Submarines have traditionally been the strongest component of the Northern Fleet. Several new classes of submarines are in production to replace older models including: Borei/Dolgorukiy-class SSBNs, Yasen-class SSGNs, Khabarovsk-class SSGNs and Lada-class conventionally-powered submarines. However, the existing nuclear-powered submarines of the Northern Fleet are also aging rapidly. It is currently unclear whether the new Yasen-class, and other potential follow-on models, can be produced in sufficient numbers, and on a timely basis, to replace aging older nuclear submarines on a one-for-one basis. In this regard, reports suggest that Russian third-generation nuclear submarines have not been modernized to a level to avoid block obsolescence before 2030.[24]

The Northern Fleet has also received attention with respect to technological upgrades.
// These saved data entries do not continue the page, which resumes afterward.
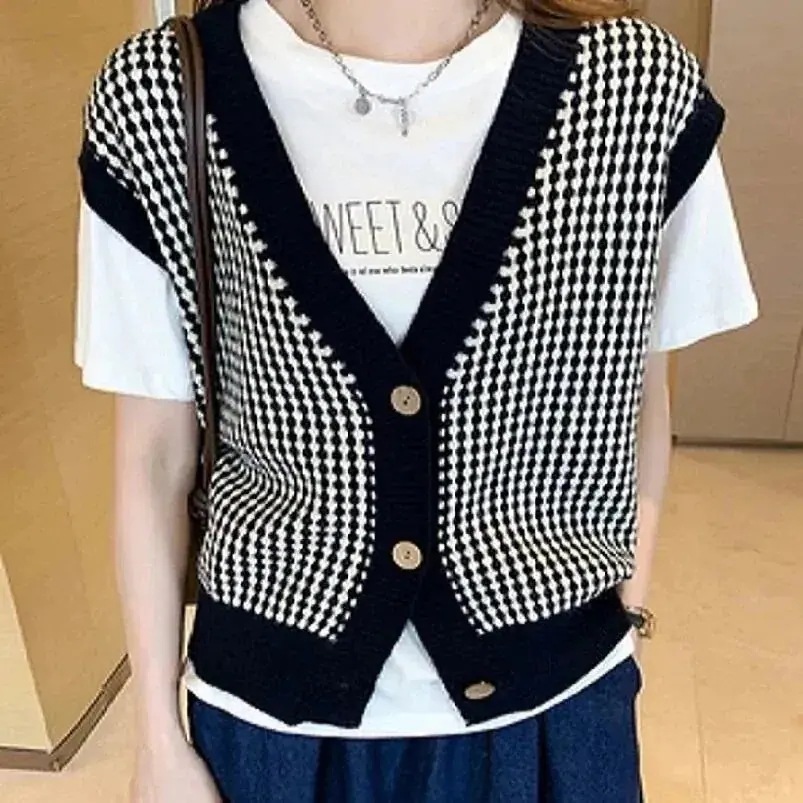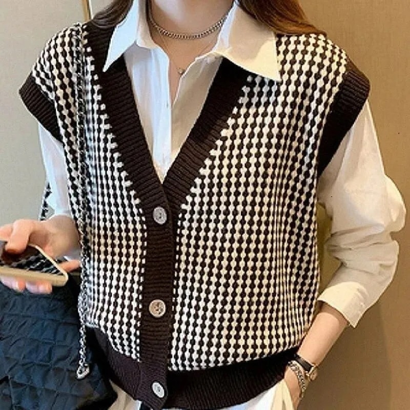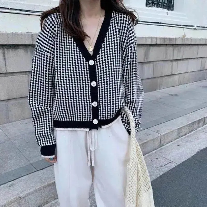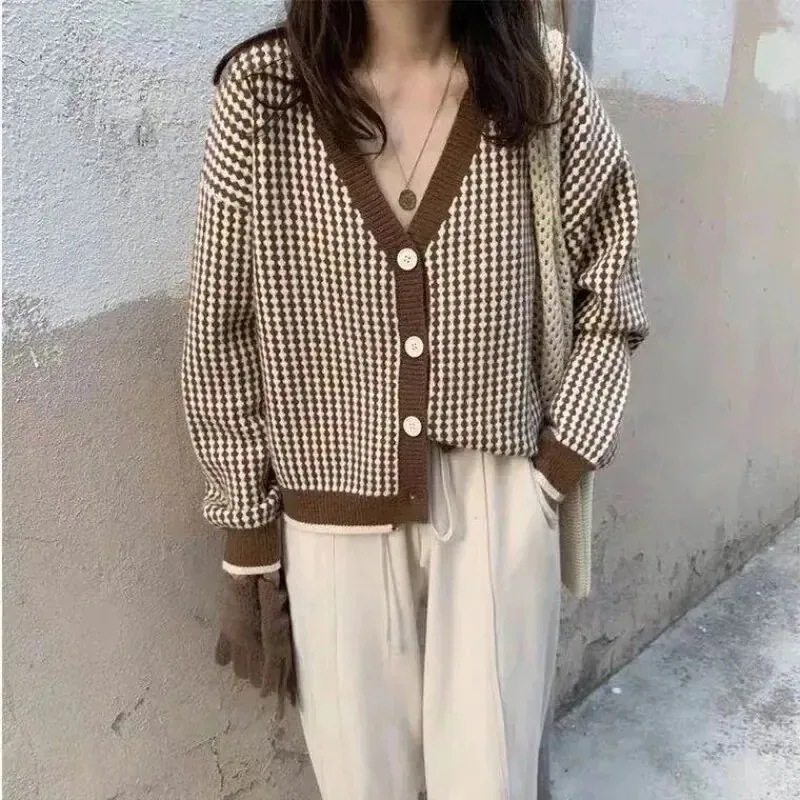 ジャケット 秋 韓国 ニット カーディガン セーター チェック コントラストカラー Vネック ゆったり トップス 万能 カジュアル韓国ファッション 2026福袋 人気なリプニット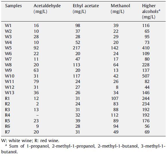 表 3 在 20 個(gè)葡萄酒樣品中測(cè)定的揮發(fā)性化合物濃度的平均值。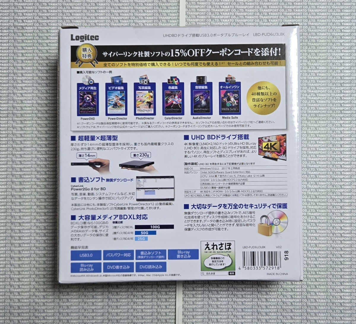 ほぼ新品 Logitec UHD 外付け ブルーレイディスクドライブ 9.5mm LBD-PUD6U3LBK 動作品 M DISC BDXL 超薄 BU40N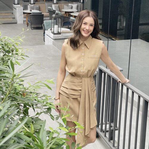 เดรสสั้นแขนกุดเหนือเข่า เสริมไหล่ทำให้ดูชิคขึ้น ปักโลโก้แบรนด์เหนือกระเป๋า แต่งด้วยกระดุมแบรนด์
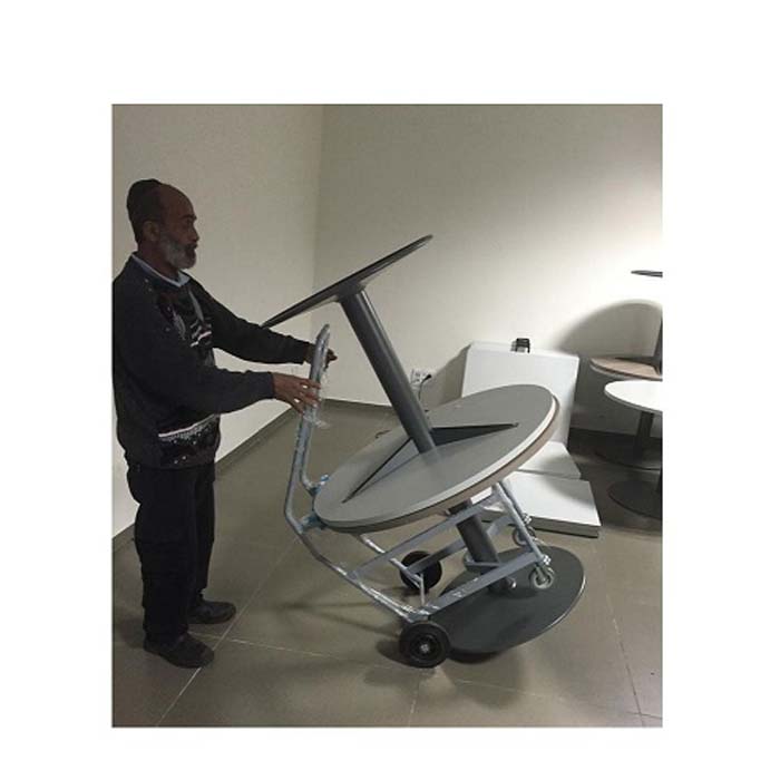 עגלת משא חזקה עד 200 ק"ג להרמה ושינוע שולחנות יצור מיוחד לפי שולחנות לקוח,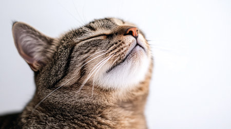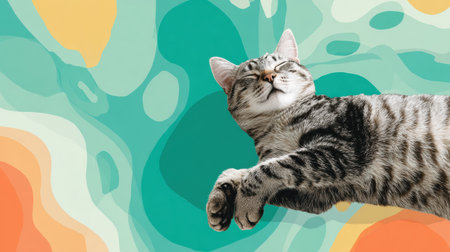 Content tabby cat with eyes closed, resting on a vibrant background, expressing peace, relaxation, and cozy pet vibes.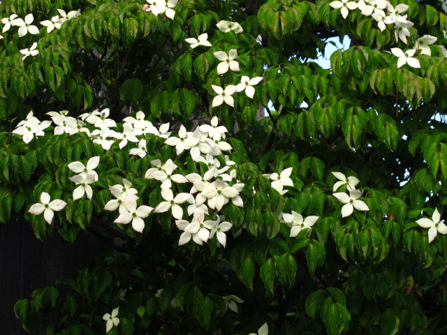 ヤマホウシの花。朝日に映えてきれいです。日陰で見るのもいいですけどね。

The Fleet has received new combat aircraft (deployed within the 45th Air and Air Defence Army), enhanced shore-based missile assets (both surface-to-surface and surface-to-air) as well as new systems such as the Samarkand electronic warfare systems in 2017. Samarkand is designed to assess electromagnetic situation, search, detect and analyze radio emissions.[25] Russia's Northern Fleet in 2018 resumed regular air patrols of the Arctic by long-range anti-submarine aircraft and its share of modern samples of weapons and equipment exceeded 56 percent.[26][27] An air defense regiment of the Northern fleet armed with S-400 SAM launchers went on combat duty in Novaya Zemlya in the September 2019.[28]

Ground force modernization has also been a priority focus through the creation of the 14th Army Corps within the fleet and broader equipment modernization. A tank battalion of a Northern Fleet's separate motorized infantry brigade has received the final batch of 26 T-80BVM tanks and completed the rearmament procedure in November 2019.[29]

While the Northern Fleet has traditionally emphasized the deployment of larger warships and submarines, new missile boats (of the Buyan/M and Karakurt classes) have temporarily been able to deploy into Northern Fleet waters utilizing Russian internal waterways. In 2020, the Buyan-M class corvette Zelenyy Dol and the Karakurt-class corvette Odintsovo trained and conducted trials in Arctic waters having deployed to northern waters via the internal waterways. The deployment illustrated the Russian capacity to reinforce the Northern Fleet with cruise missile-armed light units, potentially drawn from the Russian Navy's two other western fleets or from the Caspian Flotilla.[30]

Sites[edit]

Map of naval bases, shipyards and spent fuel storage sites operated by the Northern Fleet

The Northern Fleet main base is Severomorsk with six more naval bases at Polyarnyy, Olenya Bay, Gadzhiyevo (Yagelnaya/Sayda), Vidyayevo (Ura Bay and Ara Bay), Bolshaya Lopatka (Litsa Guba), and Gremikha. Civilian Arktika nuclear-powered icebreakers are based at Murmansk. Shipyards are located in Murmansk, Severodvinsk, Roslyakovo, Polyarnyy, Nerpa, and Malaya Lopatka. Spent fuel storage sites include Murmansk, Gremikha, Severodvinsk and Andreyeva Bay.

HQ Band[edit]

The band in May 2017

The Military Band of the Northern Fleet (Russian: Военный оркестр Северного флота) is a military band unit of the Russian Armed Forces that is a branch of the Military Band Service of the Armed Forces of Russia. It is based at the fleet HQ in Severomorsk. The band also takes part in national events and holidays in Russia such as the Victory Day and Defender of the Fatherland Day holidays as well as the Navy Day fleet parade. It has taken part in the ceremonial arrival of ships to the Northern Fleet Headquarters including the Vice-Admiral Kulakov[31] and the USS Nicholas.[32] It had taken part in the funerals of many of the victims of the Kursk submarine disaster in the fall of 2000.[33] In mid-March 2018, it took part in a competition at the Murmansk Nakhimov Naval School, which was presided by Colonel Timofey Mayakin, the Senior Director of Music of the Russian Armed Forces.[34] In September of that year, the band as well as a band from Tromsø, Norway, where they performed Norwegian March and Farewell of Slavianka at the Murmansk Regional Philharmonic.[35][36]

Order of battle[edit]

From January 1, 2021 the Northern Fleet command was made a separate command within the Russian Armed Forces having equal status to the other Russian military districts.[37] As such, it consists of naval forces (the Northern Fleet itself), land forces (14th Army Corps, plus naval infantry and coastal defence troops), as well as aviation and air defence assets (45th Air Force and Air Defence Army).[38]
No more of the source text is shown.